++++ INFORMATION SHOWN ++++

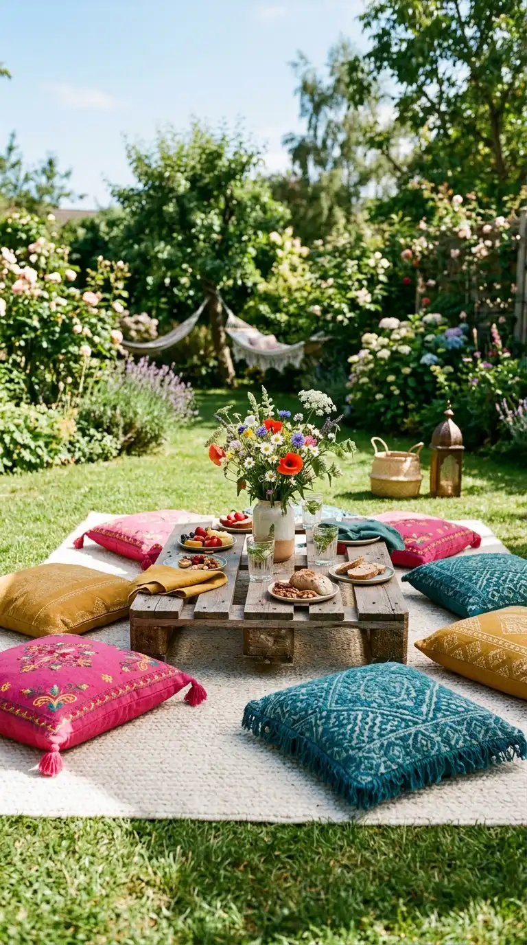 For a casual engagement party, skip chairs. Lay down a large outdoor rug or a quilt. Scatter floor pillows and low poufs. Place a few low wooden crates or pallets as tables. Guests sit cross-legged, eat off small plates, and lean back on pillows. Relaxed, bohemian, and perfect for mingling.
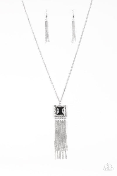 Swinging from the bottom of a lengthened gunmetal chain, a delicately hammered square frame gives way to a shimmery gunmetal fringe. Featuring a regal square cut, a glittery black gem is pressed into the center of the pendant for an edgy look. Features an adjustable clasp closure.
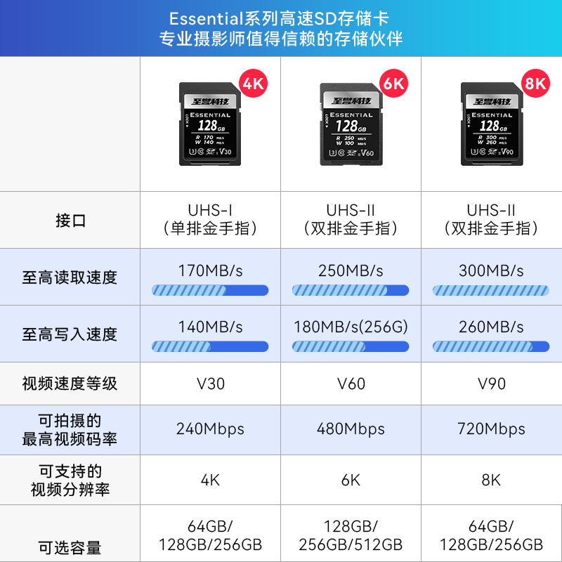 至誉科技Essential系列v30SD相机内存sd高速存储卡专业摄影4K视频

++++

TASK ITEM — Could you give all of the data again exactly as written, omitting any pictures?

REPLY TO THE TASK —
 For a casual engagement party, skip chairs. Lay down a large outdoor rug or a quilt. Scatter floor pillows and low poufs. Place a few low wooden crates or pallets as tables. Guests sit cross-legged, eat off small plates, and lean back on pillows. Relaxed, bohemian, and perfect for mingling.
 Swinging from the bottom of a lengthened gunmetal chain, a delicately hammered square frame gives way to a shimmery gunmetal fringe. Featuring a regal square cut, a glittery black gem is pressed into the center of the pendant for an edgy look. Features an adjustable clasp closure.
 至誉科技Essential系列v30SD相机内存sd高速存储卡专业摄影4K视频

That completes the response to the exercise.